NOTE 12—SUBSEQUENT EVENTS
On February 20, 2025, the Company entered into a Share Exchange Agreement with the members of Abundia Global Impact Group, LLC (“AGIG”). In the Share Exchange Agreement, the Company has agreed to issue to the members of AGIG a number of shares of our common stock equal to 94% of the Company’s issued and outstanding shares (after taking into account such issuance). As a result of entering into the Share Exchange Agreement, we will acquire all of the issued and outstanding units of AGIG, and AGIG will become a wholly-owned subsidiary of the Company. Under the Share Exchange Agreement, the Company is obligated to obtain shareholder approval for the amendment of our Certificate of Incorporation to increase the number of authorized shares of common stock to 300,000,000 and for the issuance of approximately 246,000,000 shares to the members of AGIG. The acquisition is subject to shareholder approval and standard closing conditions.
In January 2025, the Company sold 2,600,000 shares of its common stock in a registered direct offering for net proceeds of $3,897,000.
In January 2025, the Company issued 24,202 options to its CEO and 24,202 options to a board member as compensation. In February 2025, the Company issued 10,638 options to its CEO as compensation.
NOTE 13—SUPPLEMENTAL INFORMATION ON OIL AND GAS EXPLORATION, DEVELOPMENT AND PRODUCTION ACTIVITIES (UNAUDITED)
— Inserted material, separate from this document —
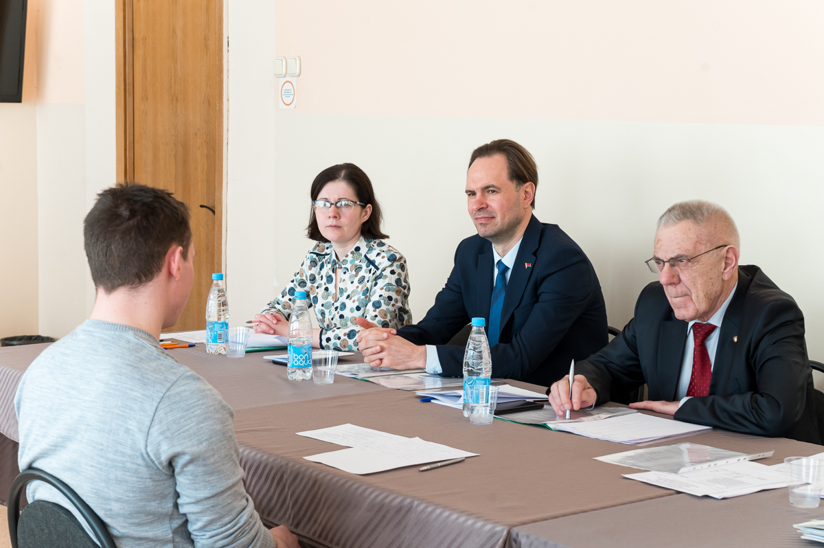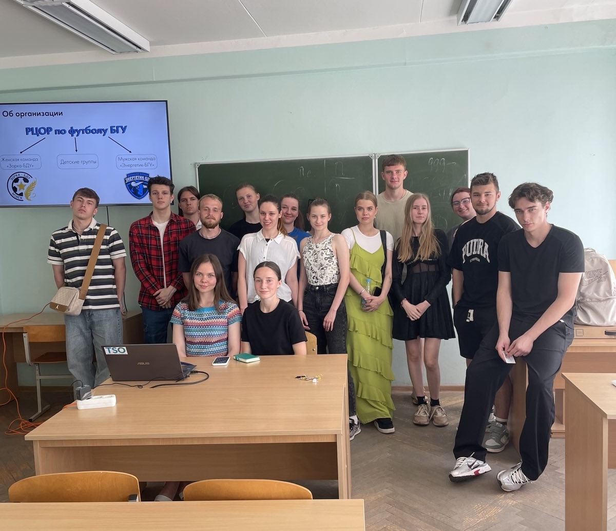 В ходе выездного занятия студенты встретились с заместителем начальника технического центра по тренерскому образованию АБФФ, выпускником программы УЕФА по футбольному менеджменту Евгением Сергеевичем Шпаковым, который поделился своим опытом участия в семинарах и конференциях УЕФА, рассказав о международных футбольных структурах – FIFA, UEFA и континентальных конфедерациях – и особенностях сотрудничества АБФФ с этими организациями.

This footnote provides unaudited information required by FASB ASC Topic 932, Extractive Activities—Oil and Gas.
Geographical Data
The following table shows the Company’s oil and gas revenues and lease operating expenses, which excludes the joint venture expenses incurred in South America, by geographic area:
SCHEDULE OF OIL AND GAS REVENUES AND LEASE OPERATING EXPENSES
| | 2024
| | | 2023
| |
Revenues | | | | | | | | |
North America | | $ | 560,180 | | | $ | 794,027 | |
South America | | | — | | | | — | |
| | $ | 560,180 | | | $ | 794,027 | |
| | | | | | | | |
Production Cost | | | | | | | | |
North America | | $ | 747,559 | | | $ | 473,925 | |
South America | | | — | | | | — | |
| | $ | 747,559 | | | $ | 473,925 | |
Capital Costs
Capitalized costs and accumulated depletion relating to the Company’s oil and gas producing activities as of December 31, 2024, all of which are onshore properties located in the United States and Colombia, South America are summarized below:
CAPITALIZED COSTS AND ACCUMULATED DEPLETION RELATING TO OIL AND GAS PRODUCTION ACTIVITIES
| | United States | | | South America | | | Total | |
Unproved properties not being amortized | | $ | — | | | $ | — | | | $ | — | |
Proved properties being amortized | | | 13,326,003 | | | | 49,444,654 | | | | 62,770,657 | |
Accumulated depreciation, depletion, amortization and impairment | | | (12,208,367 | ) | | | (49,444,654 | ) | | | (61,653,021 | ) |
| | | | | | | | | | | | |
Net capitalized costs | | $ | 1,117,636 | | | $ | — | | | $ | 1,117,636 | |
Amortization Rate
The amortization rate per unit based on barrel of oil equivalents was $10.75 for the United States for the year ended December 31, 2024.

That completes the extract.